İslam coğrafyasında , Türk nereye ayağını basmışsa orada mutlaka devletin ya da devletlünün himaye ettikleri sanatçıların eserlerini görürsünüz.
Hatta, Allah muhafaza, ne zaman ki, bir İslam beldesi İşgal edilse, işe o eserleri tarumar ederek başlamıştır küffar!
Daha yakın zamanda batıda Mostar Köprüsü...! Şimdilerde doğuda Karabağ Şuşa..!
Ne zaman, devlet ve devletlü sanat ve sanatçıdan kopmuş, bayağılaşma başlamıştır!
İşin tehlikesi şu ki, bayağılaşma en tehlikeli mikroptur, kimliksizleştirir!
Kimliksizlik ise hayatı anlamsızlaştırır, insan fıtratını bozar, emperyalizmin istediği sadece, "Tüketen insan" modelini ortaya çıkarır!
Hele hele bu insan Türk, devlet de Türk Devletiyse, tüm dünyanın mizanı kayar!
Bugün yaşadığımız hal, aynen budur!
Sadece karnının açlık derecesiyle, devletiyle mesafe belirleyen vatandaş profili...

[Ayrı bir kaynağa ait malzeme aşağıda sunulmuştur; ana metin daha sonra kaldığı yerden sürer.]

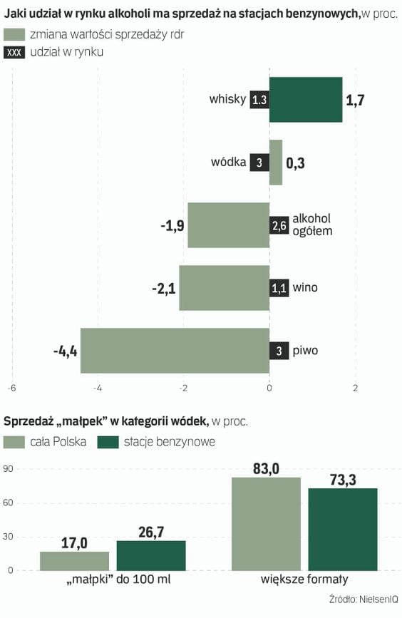 Klienci na stacjach wybierają najchętniej wódkę oraz piwo (3 proc. łącznej wartości ich sprzedaży w kraju dokonywana jest na stacjach benzynowych), znacznie rzadziej whisky (1,3 proc. wartości handlu) czy wina (1,1 proc.).

Ve tabiatıyla da itibar gören, "Bizim askerimizin Libya'da ne işi var " edepsizliği ..!
Oysa, Şam, Halep, Trablusgarp İstanbul 'dan daha eski Türk vatanı, İslam beldesidir!
Her bir köşesi de devletin, devletlünün himaye ettiği, Türk İslam Medeniyeti sanatçılarının eserleriyle doludur.
Ne zaman ki, "Medeniyetler Çatışması" mimarları dünyaya el attılar, sanat menfi ya da müspet anlamda en belirleyici enstrüman oldu.
Savaşın en kanlısı bu alanda veriliyor!
Hatırlayın, Selahattin Demirtaş'ın elindeki bağlamayı?
Uyuşturarak, uyutarak, bir organ mafyası gibi parça parça ederek götürüyor!
Ruhumuz bile duymadı, duymuyor, böyle giderse korkarım ki, duymayacak da..!
Sanatçının da sanatseverin de içinde olduğu siper, önem kazandı.
Hangi mevzide, kiminle omuz omuza..?
Lafı epey uzattığımın farkındayım, çünkü bu hususta çok mustaribim!
Geçende, Sayın İbrahim Kalın Bey'i bağlamasıyla dinlediğimde, çok ama çok sevinmiştim. Sayın Kalın ile Sayın Erkan Oğur, beraber klip yayınladılar, akabinde sol, marjinal vandallıkla başladı mahalle baskısına!
Sonuç, Sayın Erkan Oğur hemencecik mahallesine mahcubiyetini ifade etti, sıyrıldı(!)
Aslında mesele nedir biliyor musunuz ?
Sayın İbrahim Kalın, söz konusu sanat ise, karşı mahalleden biriyle aynı karede olmakta bir beis görmediler.
Lakin, Sayın Oğur'u mahallelileri yakasından paçasından tutup, siperlerine çektiler! Sonra da Sayın Oğur kendi mahallesine savunma verirken sözü incitti, neticesinde de Sayın Kalın incindi!
Bana da sorarsanız, " Lanet olsun içimizdeki şu muhacir sevgisine..." derim!